> Task item
Could you retype all of the records exactly, leaving out every picture?

> Data for this exercise
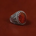 انگشتر عقیق مردانه کد 31044 مناسب آقایانی‌ست که به طراحی‌های خاص و سنگ‌های اصیل علاقه دارند. ترکیب رنگ گرم نگین، فرم خط‌دار رکاب و پرداخت دقیق، این مدل انگشتر مردانه را به گزینه‌ای مناسب برای هدیه دادن نیز تبدیل کرده است.
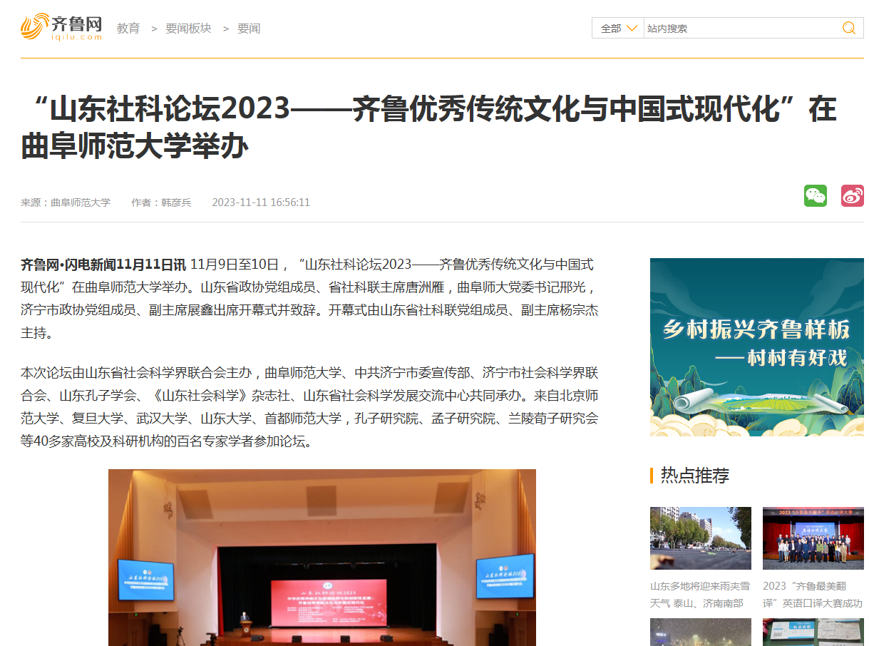 【齐鲁网】“山东社科论坛2023——齐鲁优秀传统文化与中国式现代化”在米兰官方网站举办
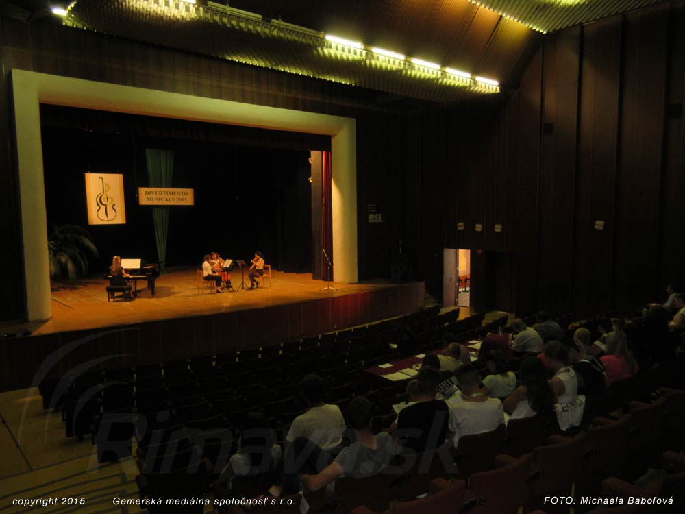 Rimavskú Sobotu ovládlo v uplynulých dňoch približne 200 inštrumentálnych muzikantov komornej hudby z celého Slovenska, ktorí sa predviedli pred päťčlennou odbornou porotou. Tá v priebehu piatka a soboty, 19. septembra, v rámci 27. ročníka celoštátnej súťaže a prehliadky neprofesionálnej komornej hudby Divertimento musicale 2015 zhodnotila celkovo trinásť súťažných telies. „Je úžasné, že napriek pretechnizovanému a prekomercializovanému svetu, si vedia tie deti nájsť čas a pedagógovia ich dokážu strhnúť a motivovať k hraniu,“ povedal predseda poroty Pavol Tužinský, ktorý je zároveň dirigentom, pedagógom a organizátorom hudobného života. Ako ďalej spomenul, zmyslom tohto prekrásneho podujatia je nielen prezentovať sa, ale spoznávať nových ľudí, rozširovanie obzorov, podpora muzicírovania a hlavne zušľachťovanie ľudského ducha prostredníctvom hudby. „A tento vklad budú títo mladí ľudia ďalej rozdávať a obohacovať ním budúceho poslucháča hudby a opery.“ podotkol.
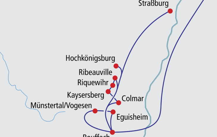 Genießen Sie das Elsass mit Leib und Seele und freuen Sie sich auf erlebnisreiche Tage im Herzen der ältesten Weinstraße Frankreichs. Weinberge so weit das Auge reicht, urige kleine Ortschaften mit jahrhundertealten blumengeschmückten Fachwerkhäusern, die sich wie Perlen aneinanderreihen, gemütliche Weinstuben, gastfreundliche Bewohner, Burgen, Berge und wunderschöne Täler - das Elsass ist mit Schönheiten der Natur und kulturellen Reichtümern so üppig gesegnet wie nur wenige Regionen. Überzeugen Sie sich selbst davon!
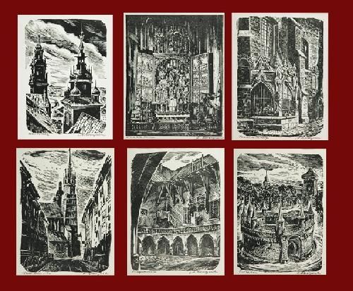Kraków 6 drzeworytów St. Raczyńskiego

> Problem solution
 انگشتر عقیق مردانه کد 31044 مناسب آقایانی‌ست که به طراحی‌های خاص و سنگ‌های اصیل علاقه دارند. ترکیب رنگ گرم نگین، فرم خط‌دار رکاب و پرداخت دقیق، این مدل انگشتر مردانه را به گزینه‌ای مناسب برای هدیه دادن نیز تبدیل کرده است.
 【齐鲁网】“山东社科论坛2023——齐鲁优秀传统文化与中国式现代化”在米兰官方网站举办
 Rimavskú Sobotu ovládlo v uplynulých dňoch približne 200 inštrumentálnych muzikantov komornej hudby z celého Slovenska, ktorí sa predviedli pred päťčlennou odbornou porotou. Tá v priebehu piatka a soboty, 19. septembra, v rámci 27. ročníka celoštátnej súťaže a prehliadky neprofesionálnej komornej hudby Divertimento musicale 2015 zhodnotila celkovo trinásť súťažných telies. „Je úžasné, že napriek pretechnizovanému a prekomercializovanému svetu, si vedia tie deti nájsť čas a pedagógovia ich dokážu strhnúť a motivovať k hraniu,“ povedal predseda poroty Pavol Tužinský, ktorý je zároveň dirigentom, pedagógom a organizátorom hudobného života. Ako ďalej spomenul, zmyslom tohto prekrásneho podujatia je nielen prezentovať sa, ale spoznávať nových ľudí, rozširovanie obzorov, podpora muzicírovania a hlavne zušľachťovanie ľudského ducha prostredníctvom hudby. „A tento vklad budú títo mladí ľudia ďalej rozdávať a obohacovať ním budúceho poslucháča hudby a opery.“ podotkol.
 Genießen Sie das Elsass mit Leib und Seele und freuen Sie sich auf erlebnisreiche Tage im Herzen der ältesten Weinstraße Frankreichs. Weinberge so weit das Auge reicht, urige kleine Ortschaften mit jahrhundertealten blumengeschmückten Fachwerkhäusern, die sich wie Perlen aneinanderreihen, gemütliche Weinstuben, gastfreundliche Bewohner, Burgen, Berge und wunderschöne Täler - das Elsass ist mit Schönheiten der Natur und kulturellen Reichtümern so üppig gesegnet wie nur wenige Regionen. Überzeugen Sie sich selbst davon!
Kraków 6 drzeworytów St. Raczyńskiego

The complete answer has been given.